Along the way, of course, the Cycle was many other things as well, but Caroline’s speech spells out quite explicitly what Stephenson has been up to all along.

I was sorry to see Eliza sidelined for so much of the book. I liked her much better than I thought I would–I particularly enjoyed the epistlatory parts of The Confusion–and having her drift mostly off-stage in System was a loss. I also forgot just how Jack landed in prison somewhere in the middle of System. I would have thought that such a major turning point in the plot would be more memorable, but maybe it stuck in the mind less because it was so clearly important to what the author wanted. Subordinated to the plot, as it were.

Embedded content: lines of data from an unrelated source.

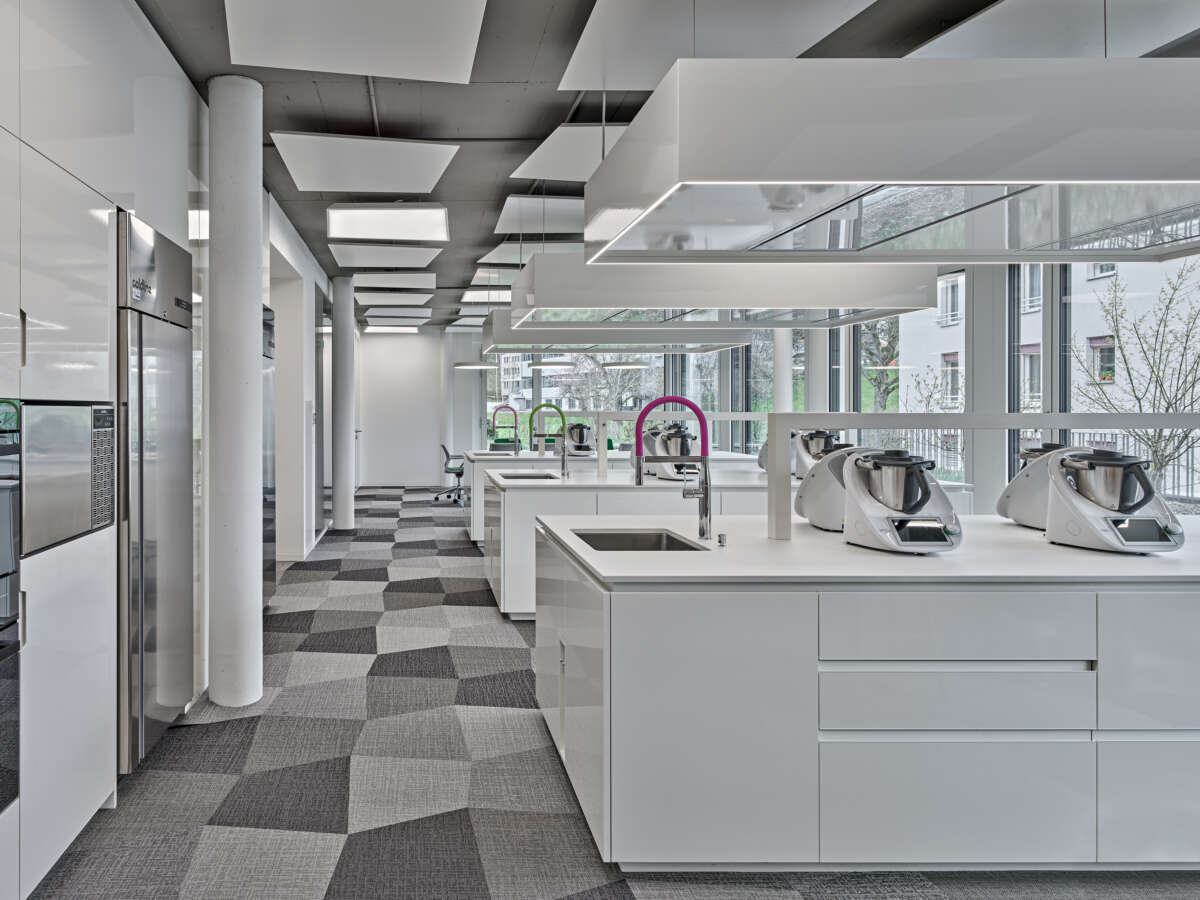 Multimedia & Cooking Hub Vorwerk International Kategorie ArbeitenHotel & GastronomieInnenarchitektur Ort Wollerau Auftragsart DirektauftragProjektierungAusführung Jahr 2020—2022 Status Gebautes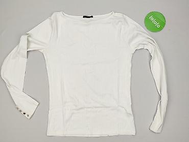 Biała damska bluzka/sweterek by Me… z długim rękawem. - Krój: lekko luźny, z opuszczoną linią ramion - Rękawy zdobione dużymi, połyskującymi złotymi guzikami (po 3 na każdym mankiecie) – efektowny...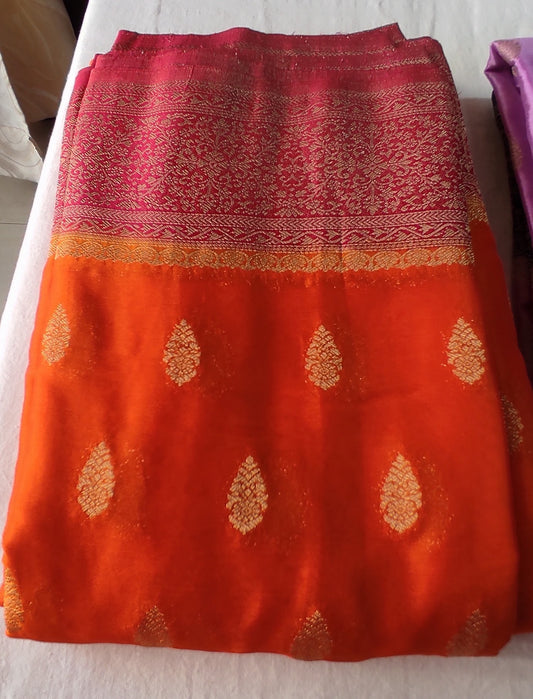 Sold outOrange Pink Crepe silk saree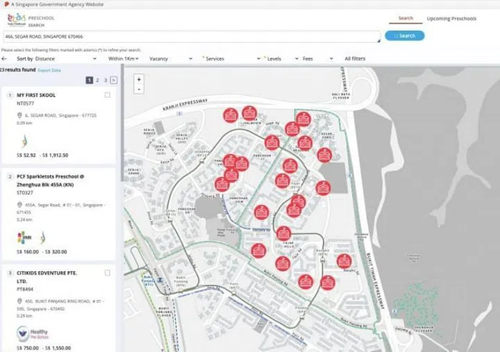 For preschools, you can either refer to ECDA’s website and type in your postal code, or utilise OneMap’s “School Query” function.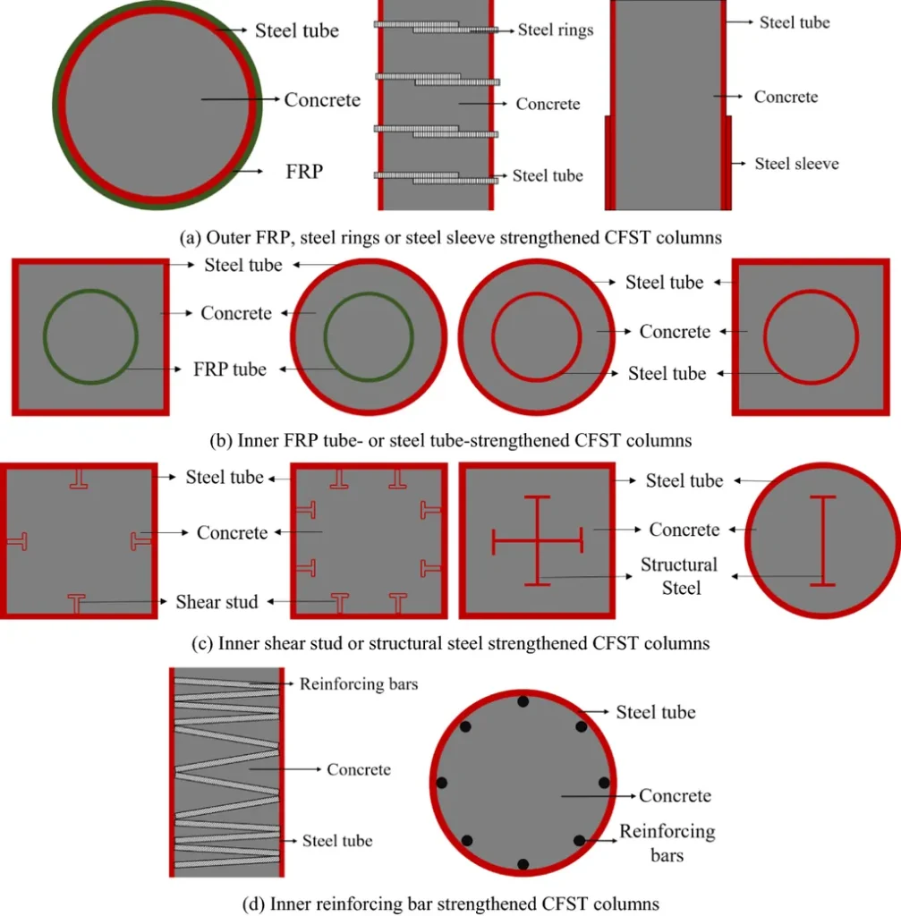 H-CFST columns, known for their high strength and ductility, have been widely adopted in modern engineering. However, their unique mechanical behavior, stemming from incomplete concrete filling and varying radial confinement, has posed challenges in applying existing constitutive models. Zheng’s study introduces a novel layered confined concrete constitutive model, modifying Mander’s model to better account for the radial distribution of lateral steel restraint.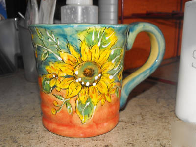 19. Large majolica mug with ornage, blue and yellow sunflower painted design. 16 -18 ounces.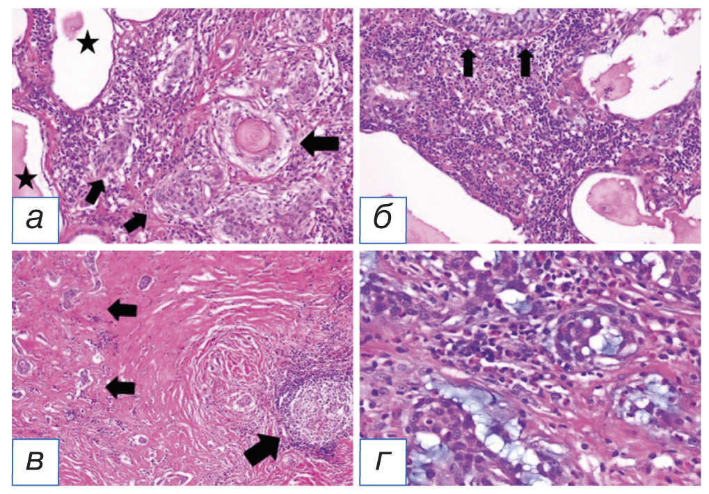 Рис. 1. Иммуногистохимическое исследование: а — опухоль, демонстрирующая комбинацию плоскоклеточных (большая стрелка), промежуточных (маленькие стрелки) клеток и кистозных пространств (звёздочки); б — кистозные пространства, выстланные муцинозными клетками (стрелки); в — на фоне склеротической стромы видны небольшие гнёзда опухолевых клеток (маленькие стрелки), а также лимфоидный фолликул (большая стрелка); г — промежуточная строма между опухолевыми клетками показала богатый эозинофилами воспалительный инфильтрат. Окраска гематоксилином и эозином, ×400.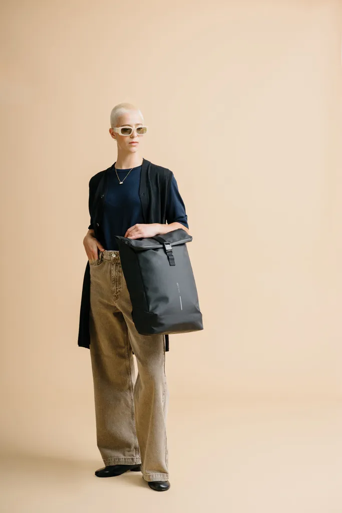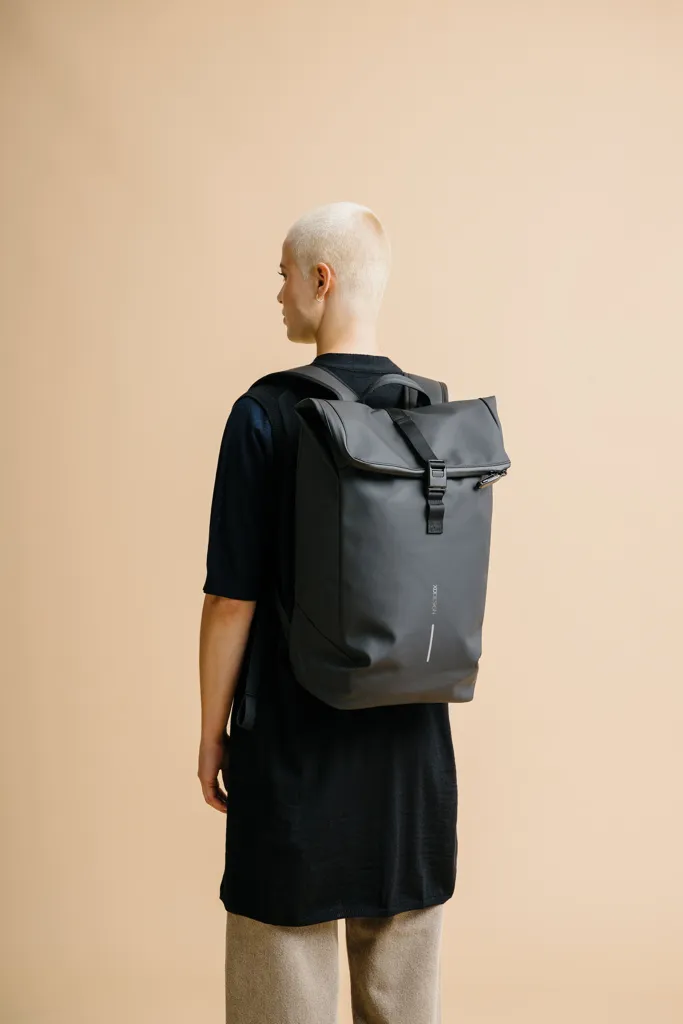 Experience versatile, all weather design and enhanced security with Urban backpack. Its unique L shaped wide opening main compartment,complete with an expandable section and ample space for a 16 inch laptop, offers effortless access to your essentials. The anti theft design, coupledwith a self locking metal zipper puller, ensures that your belongings remain safe. The addition of a rear pocket and a dedicated water bottle pocketbrings convenience to your daily adventures, making it the ideal companion for urban explorer. This backpack is not only water repellent, it's durable and stylish. Crafted with Aware ™traceable recycled polyester and finished with a soft touch PU coating, perfect for any occasion. 17% recycledcontent. Registered design®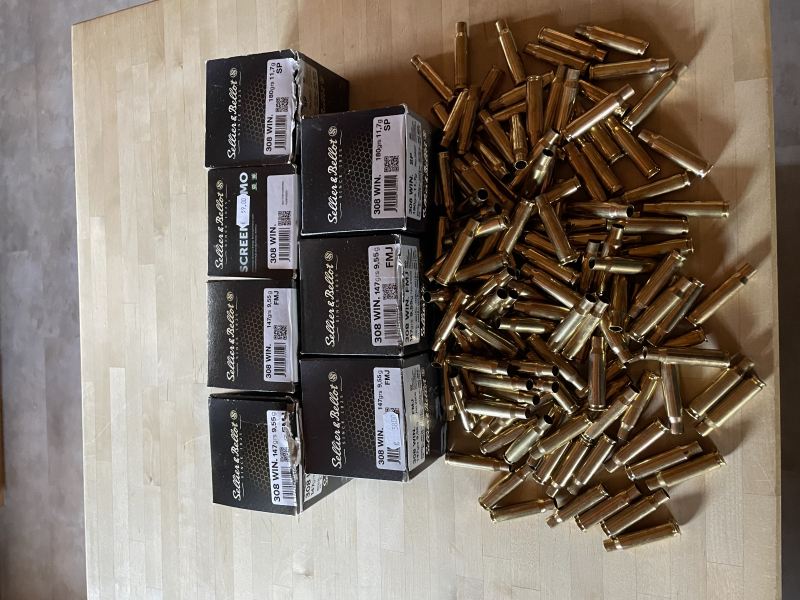 Biete 500 Hülsen, Kaliber .308, Marke S&B. Sortenrein jedoch nicht losrein. Hülsen sind entzündert und im Tumbler nass gereinigt. Hülsen wurden in einem Indoorstand im Rahmen der jagdlichen Ausbildung verschossen. Teilweise in den Originalschachteln.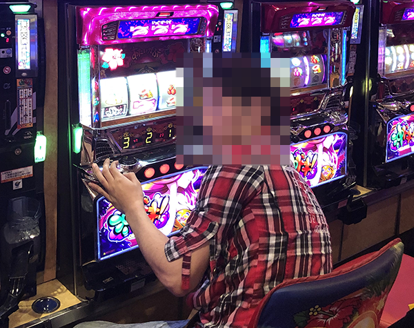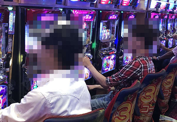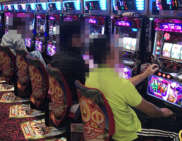 パチスロコーナーをみわたすと、遊技を満喫しているような姿が多数。茶色を基調とした店内の落ち着いた雰囲気とは対照的に、各所がにぎわっていた。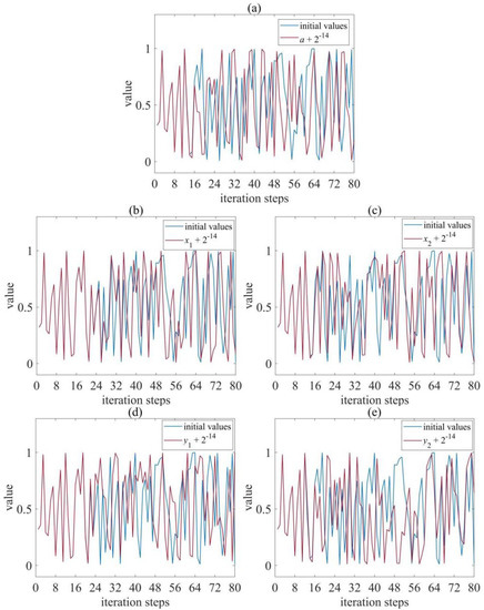 Chaotic systems are sensitive to both initial conditions and parameters, which means that small changes in the initial values and the parameters can produce completely different chaotic sequences. Figure 8 depicts the sensitivity analysis of x-dimensional variables in Equation (8) for different initial values and parameters, respectively. From Figure 8, it can be found that with slight changes in the initial values and parameters, the trajectories separate completely after only 20 iterations, thus demonstrating that Equation (8) is highly sensitive to the initial values and control parameters.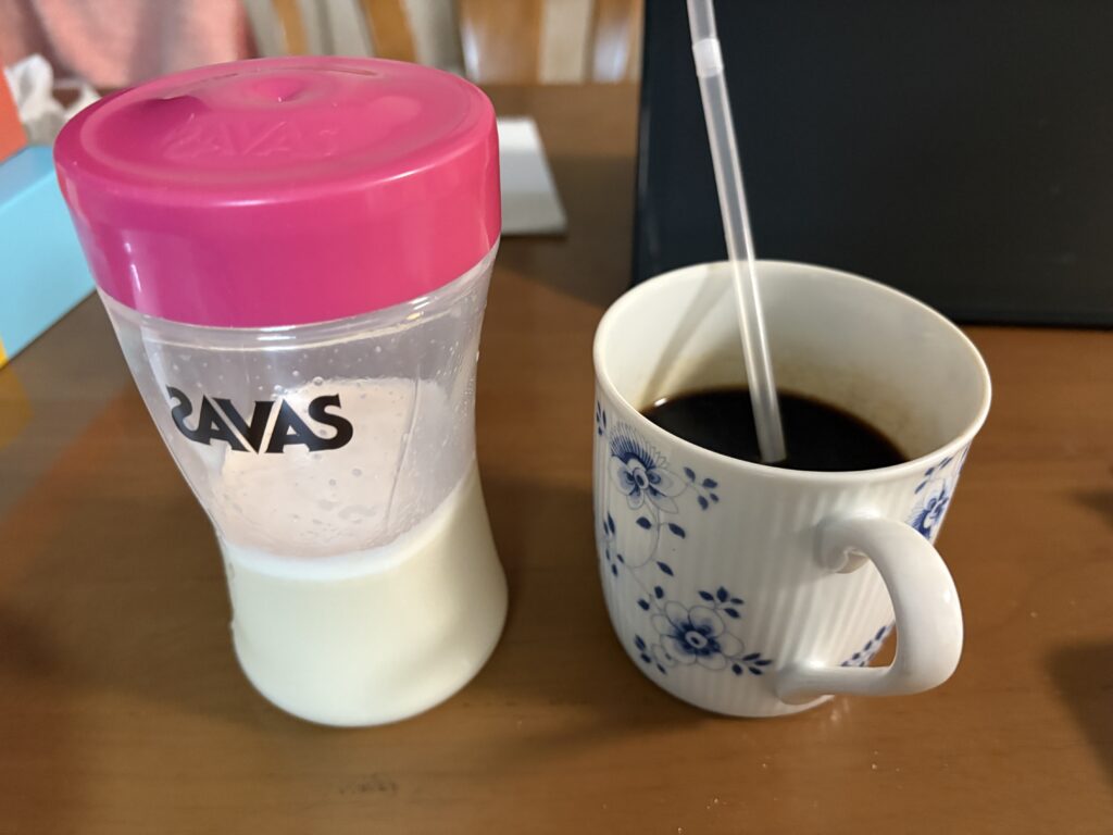 アイスコーヒーMサイズと三角チョコパイ いちごミルク味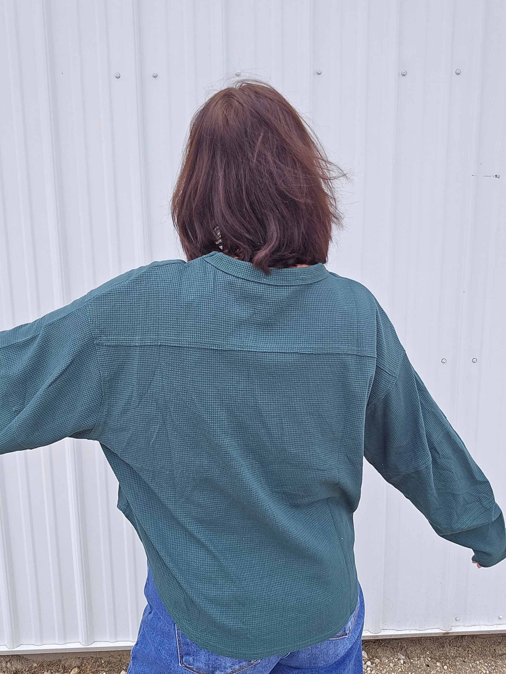 Embrace a playful mix of modern and classic with this vintage-inspired bodice. Its oversized fit and raw cut details add a charmingly relaxed vibe, perfect for casual days when comfort meets style. Let your outfit tell a story with this effortlessly cool piece!
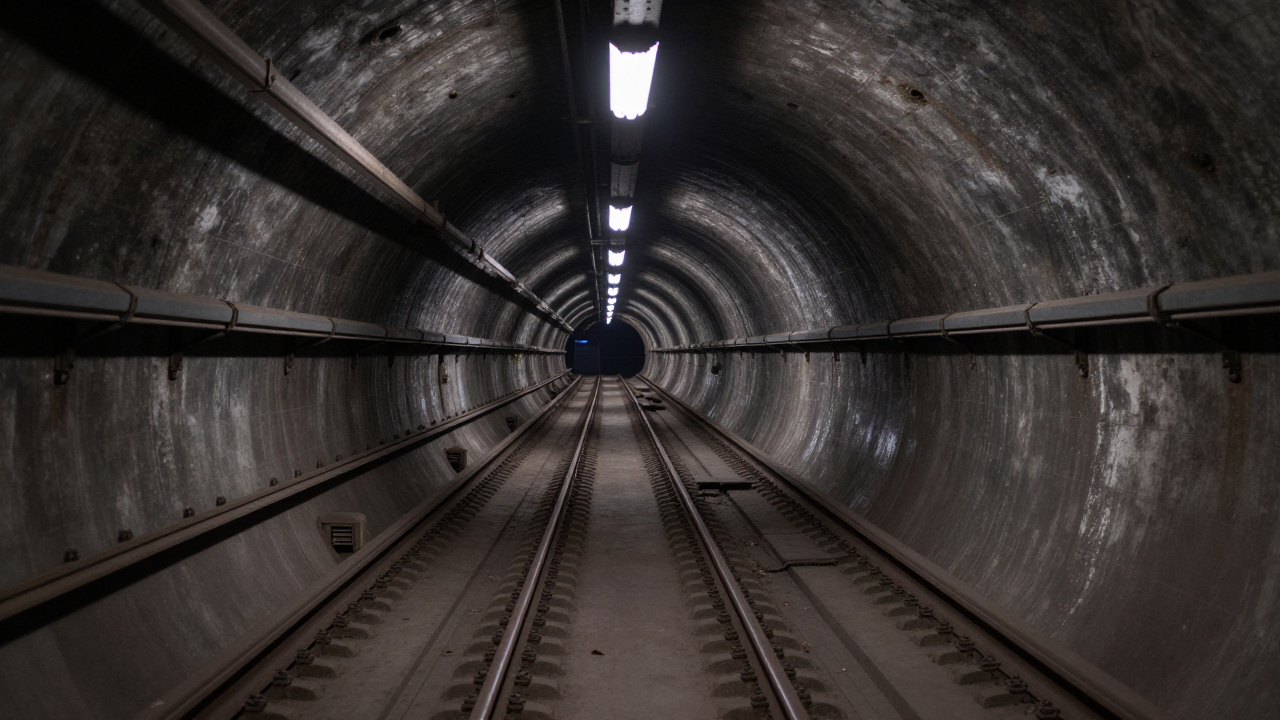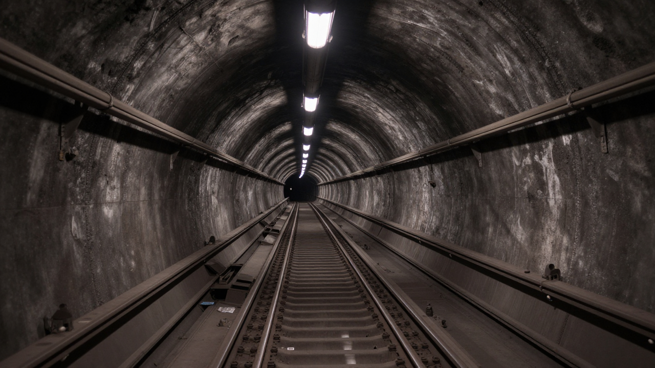 Тоннель метро с огнями в перспективе, пустые рельсы.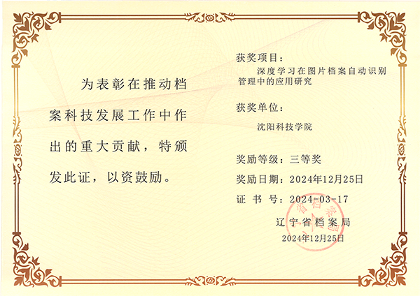 近日,辽宁省档案局下发2024年度辽宁省档案优秀科技成果奖评审结果通报,全省共评选出获奖成果36项。其中,我校信息工程学院副教授王赛男团队申报的项目《深度学习在图片档案自动识别管理中的应用研究》凭借其创新性脱颖而出,荣获2024年度辽宁省档案优秀科技成果奖三等奖。

Finally, if I remember the reviews from the time, many people were disappointed in the ending. What’s not to like? Everyone lives happily ever after. Jack’s rescue from the gallows is no more improbable than the rest of the story line. Because the book (and trilogy) is actually coming to an end, there was more suspense that elsewhere in the Cycle that Jack would actually suffer something irreparable. Eliza loved him after all. And the King of the Vagabonds is, in retirement, the equal of the King of France. I found it a much better ending than, say, Cryptonomicon.